:: DATA LISTING

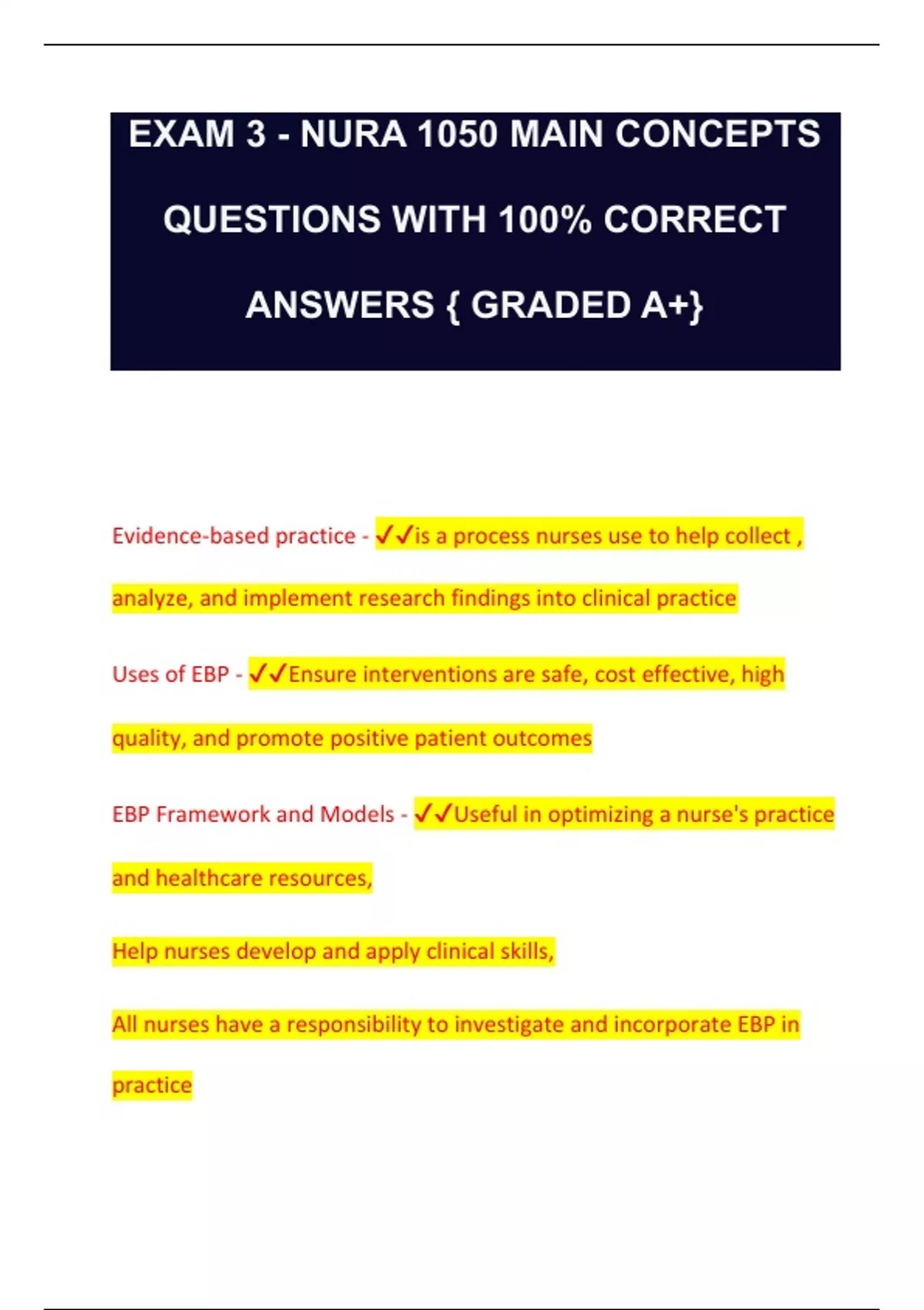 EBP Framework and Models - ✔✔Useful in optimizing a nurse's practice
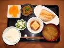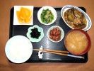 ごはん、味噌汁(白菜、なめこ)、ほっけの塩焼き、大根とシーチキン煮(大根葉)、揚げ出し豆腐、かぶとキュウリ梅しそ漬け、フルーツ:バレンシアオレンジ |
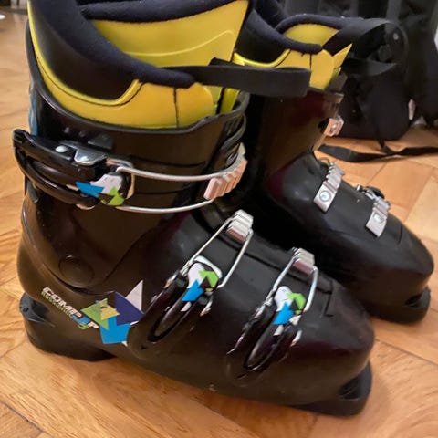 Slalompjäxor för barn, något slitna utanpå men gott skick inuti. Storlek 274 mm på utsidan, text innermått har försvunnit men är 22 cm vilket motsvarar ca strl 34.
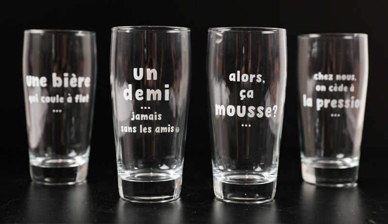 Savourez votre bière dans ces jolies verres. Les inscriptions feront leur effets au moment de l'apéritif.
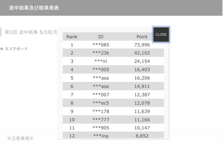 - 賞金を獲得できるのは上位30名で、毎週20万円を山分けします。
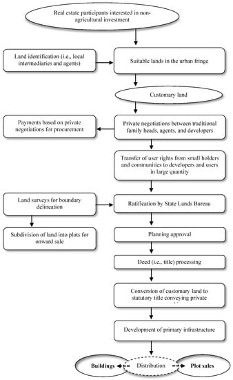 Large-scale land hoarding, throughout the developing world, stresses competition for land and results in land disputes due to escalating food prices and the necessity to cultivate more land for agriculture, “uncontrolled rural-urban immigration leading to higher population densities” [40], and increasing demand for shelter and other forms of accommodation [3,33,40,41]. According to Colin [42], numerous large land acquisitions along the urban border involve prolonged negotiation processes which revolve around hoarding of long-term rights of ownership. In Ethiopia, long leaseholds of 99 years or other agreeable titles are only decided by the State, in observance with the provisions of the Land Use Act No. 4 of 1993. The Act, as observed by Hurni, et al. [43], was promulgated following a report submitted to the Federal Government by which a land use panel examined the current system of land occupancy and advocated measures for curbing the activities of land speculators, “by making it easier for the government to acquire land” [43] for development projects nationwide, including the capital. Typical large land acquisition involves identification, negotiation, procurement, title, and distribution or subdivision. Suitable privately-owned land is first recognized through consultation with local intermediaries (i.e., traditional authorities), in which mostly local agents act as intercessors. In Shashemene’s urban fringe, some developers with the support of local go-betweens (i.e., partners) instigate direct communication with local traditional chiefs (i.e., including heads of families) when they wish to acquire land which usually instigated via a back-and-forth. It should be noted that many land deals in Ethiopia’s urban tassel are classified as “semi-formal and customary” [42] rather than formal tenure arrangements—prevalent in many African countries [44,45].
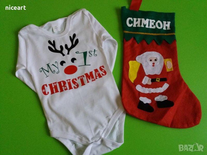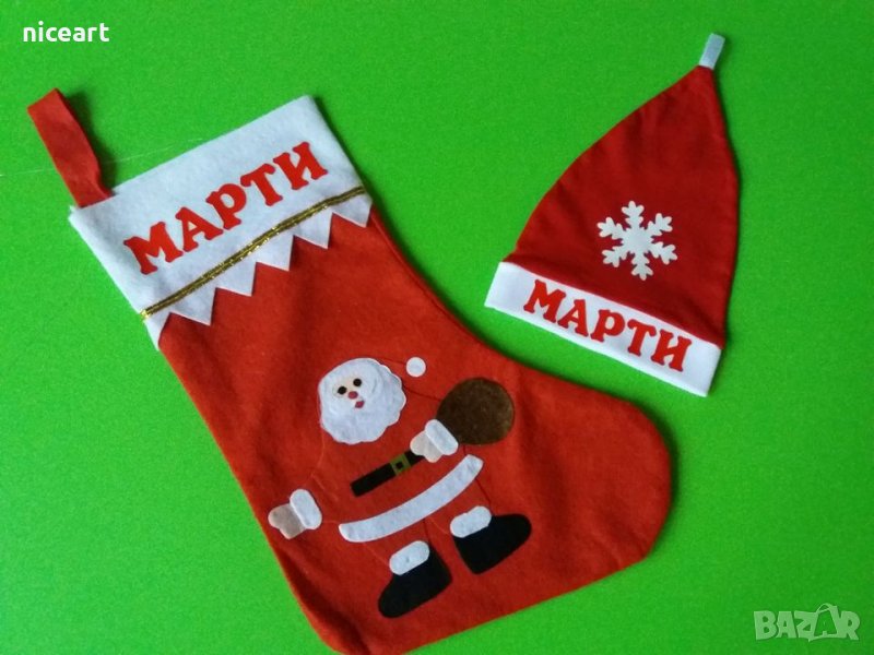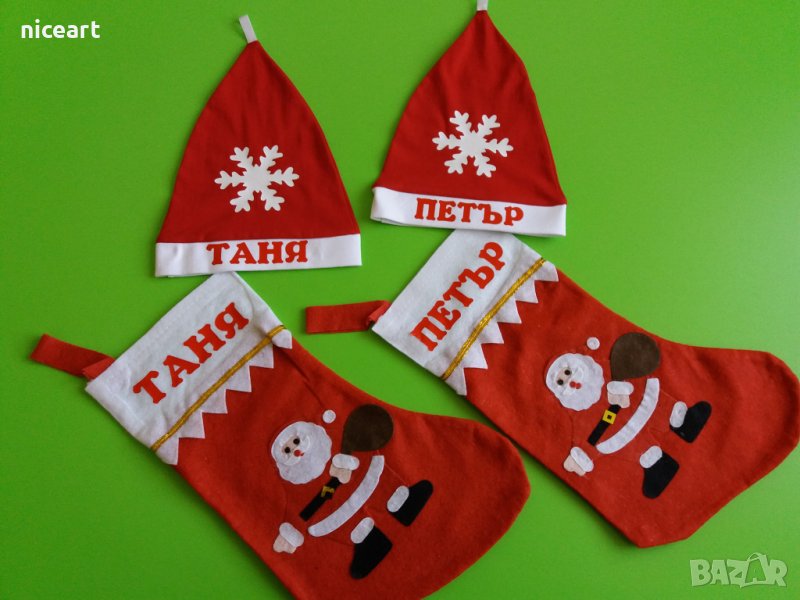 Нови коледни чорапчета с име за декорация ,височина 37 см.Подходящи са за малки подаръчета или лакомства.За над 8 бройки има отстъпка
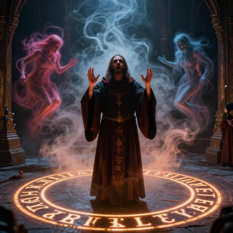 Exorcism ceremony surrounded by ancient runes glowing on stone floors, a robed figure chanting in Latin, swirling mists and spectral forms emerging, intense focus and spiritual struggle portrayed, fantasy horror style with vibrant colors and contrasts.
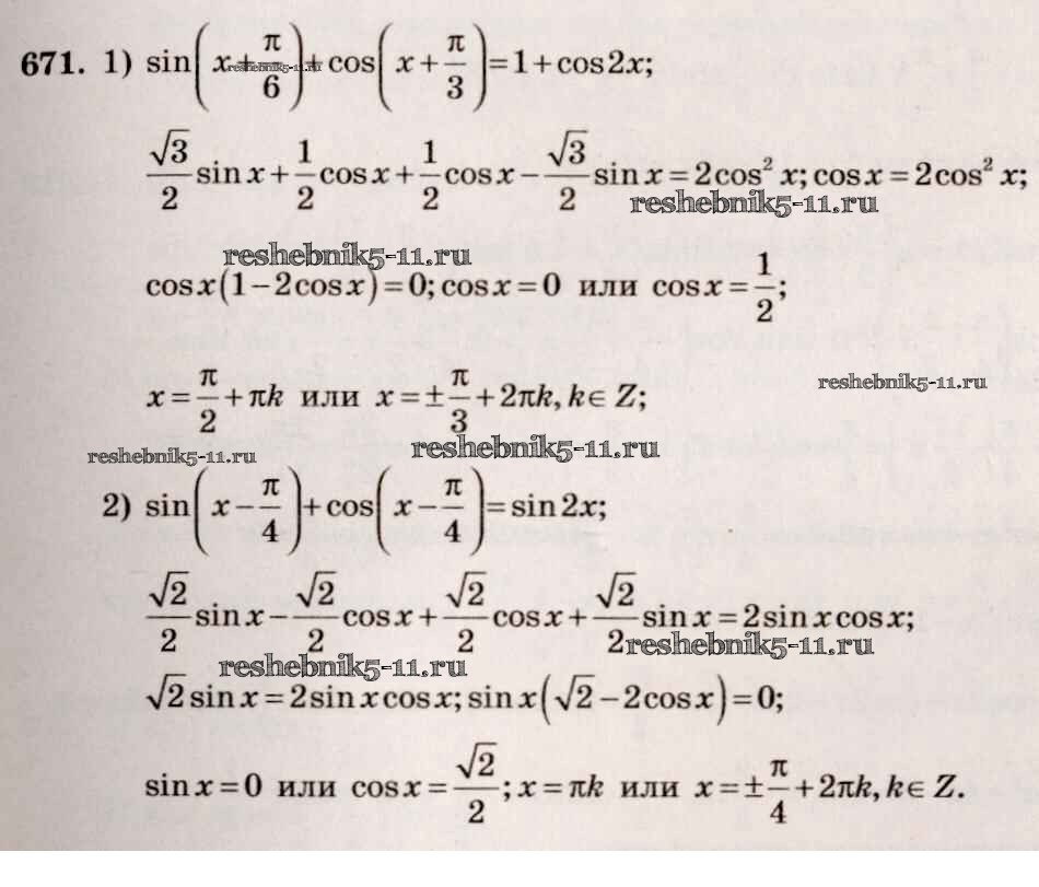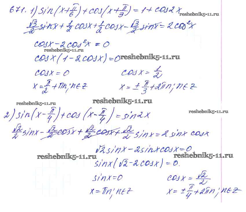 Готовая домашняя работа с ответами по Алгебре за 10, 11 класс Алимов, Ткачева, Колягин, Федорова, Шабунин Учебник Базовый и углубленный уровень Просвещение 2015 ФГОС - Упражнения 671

::::
:: DATA LISTING

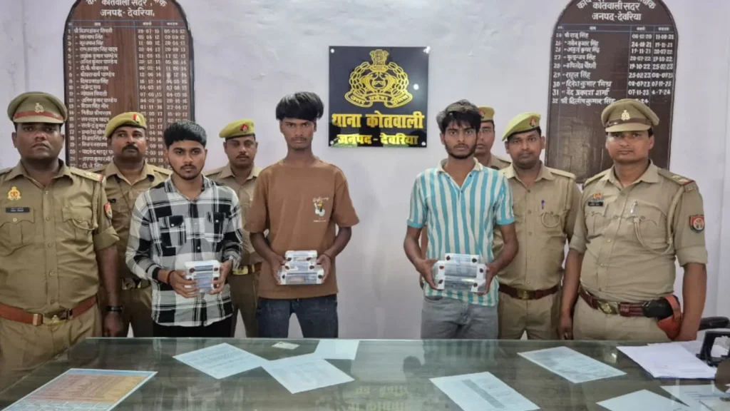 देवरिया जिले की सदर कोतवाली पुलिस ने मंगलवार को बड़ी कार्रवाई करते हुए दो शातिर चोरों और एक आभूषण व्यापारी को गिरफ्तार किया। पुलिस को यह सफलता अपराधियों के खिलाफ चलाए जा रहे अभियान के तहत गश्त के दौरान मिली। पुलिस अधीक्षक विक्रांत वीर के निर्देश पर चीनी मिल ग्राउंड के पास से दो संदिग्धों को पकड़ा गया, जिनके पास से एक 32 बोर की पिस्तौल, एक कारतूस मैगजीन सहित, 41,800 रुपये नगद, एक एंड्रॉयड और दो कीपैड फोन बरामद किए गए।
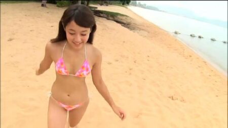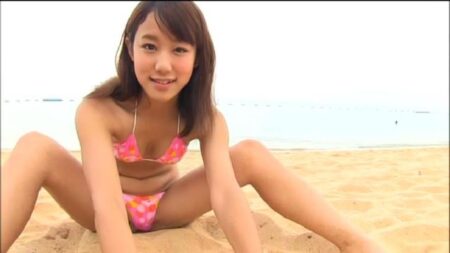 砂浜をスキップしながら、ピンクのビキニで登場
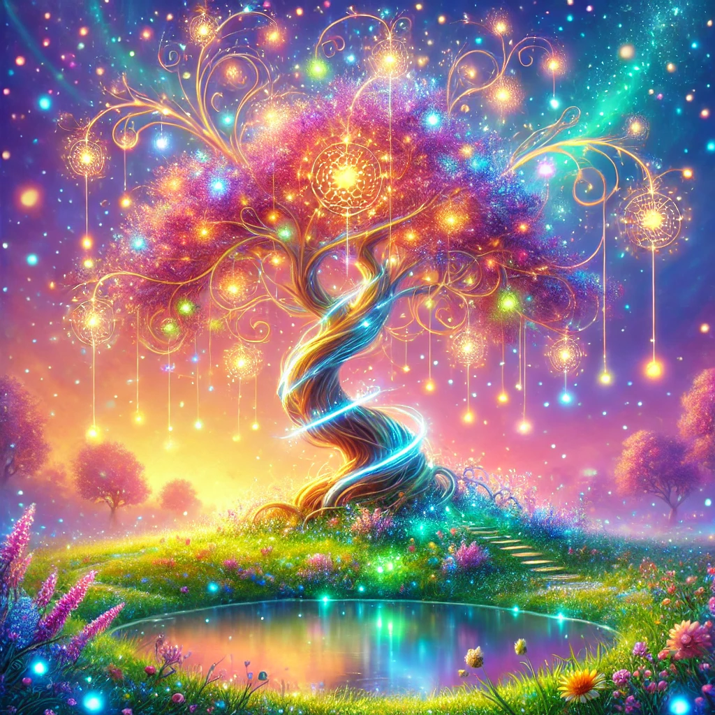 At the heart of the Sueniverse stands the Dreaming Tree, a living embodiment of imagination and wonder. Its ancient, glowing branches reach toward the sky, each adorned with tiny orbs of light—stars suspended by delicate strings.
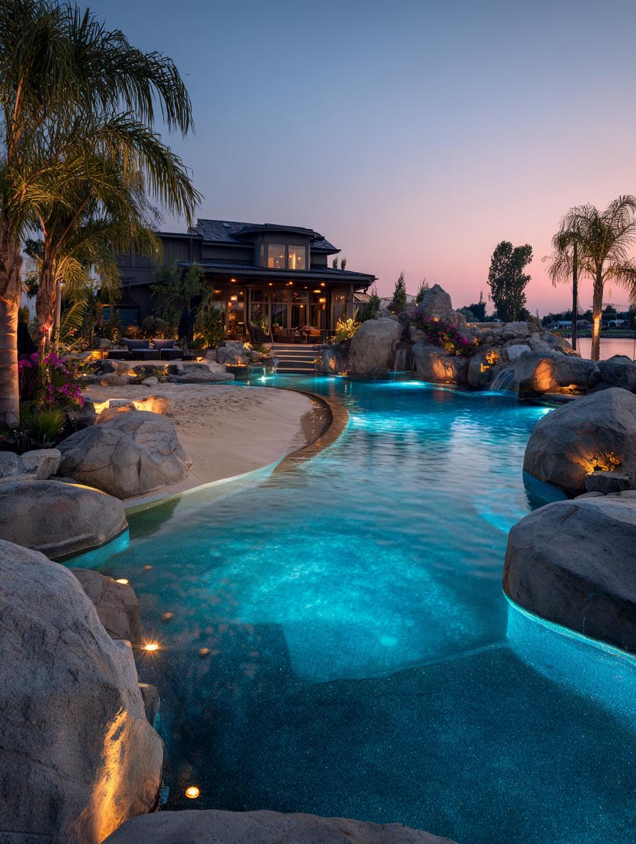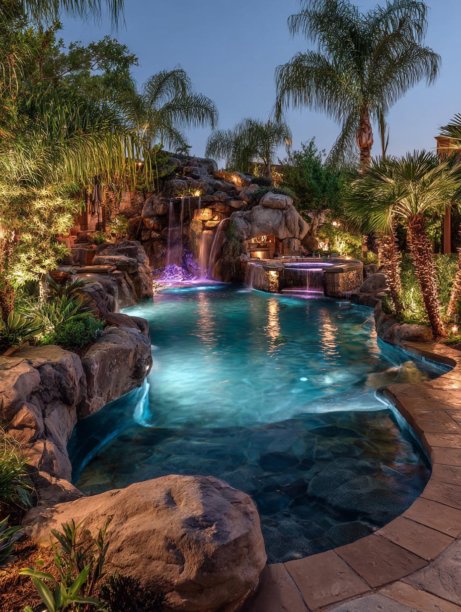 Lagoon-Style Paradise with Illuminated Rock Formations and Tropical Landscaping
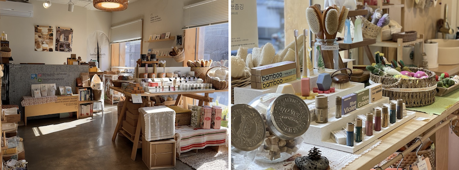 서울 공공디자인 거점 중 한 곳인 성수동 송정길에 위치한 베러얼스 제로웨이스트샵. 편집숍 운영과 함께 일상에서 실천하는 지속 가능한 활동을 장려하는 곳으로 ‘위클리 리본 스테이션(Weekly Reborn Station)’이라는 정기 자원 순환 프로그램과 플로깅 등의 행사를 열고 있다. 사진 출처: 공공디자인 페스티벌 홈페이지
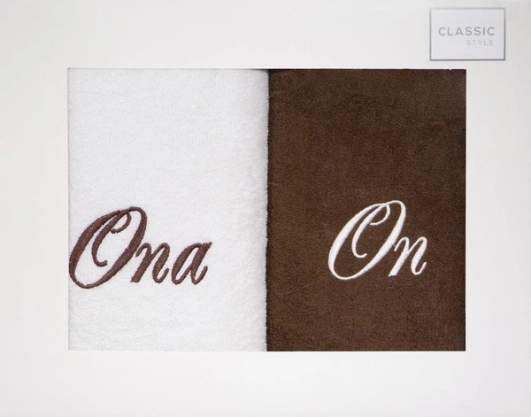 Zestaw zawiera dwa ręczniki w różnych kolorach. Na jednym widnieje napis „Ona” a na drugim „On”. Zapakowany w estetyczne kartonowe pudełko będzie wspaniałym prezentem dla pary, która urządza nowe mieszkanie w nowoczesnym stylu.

::::

WHAT YOU NEED TO DO
Keep to the lines above from the line with "Savourez votre bière" to the line with "- 賞金を獲得できるのは上位30名で、毎週20万円を山分けします。", and set down exactly those, inclusive, with nothing else and every picture left out.

SOLUTION FOR THIS TASK
 Savourez votre bière dans ces jolies verres. Les inscriptions feront leur effets au moment de l'apéritif.
 - 賞金を獲得できるのは上位30名で、毎週20万円を山分けします。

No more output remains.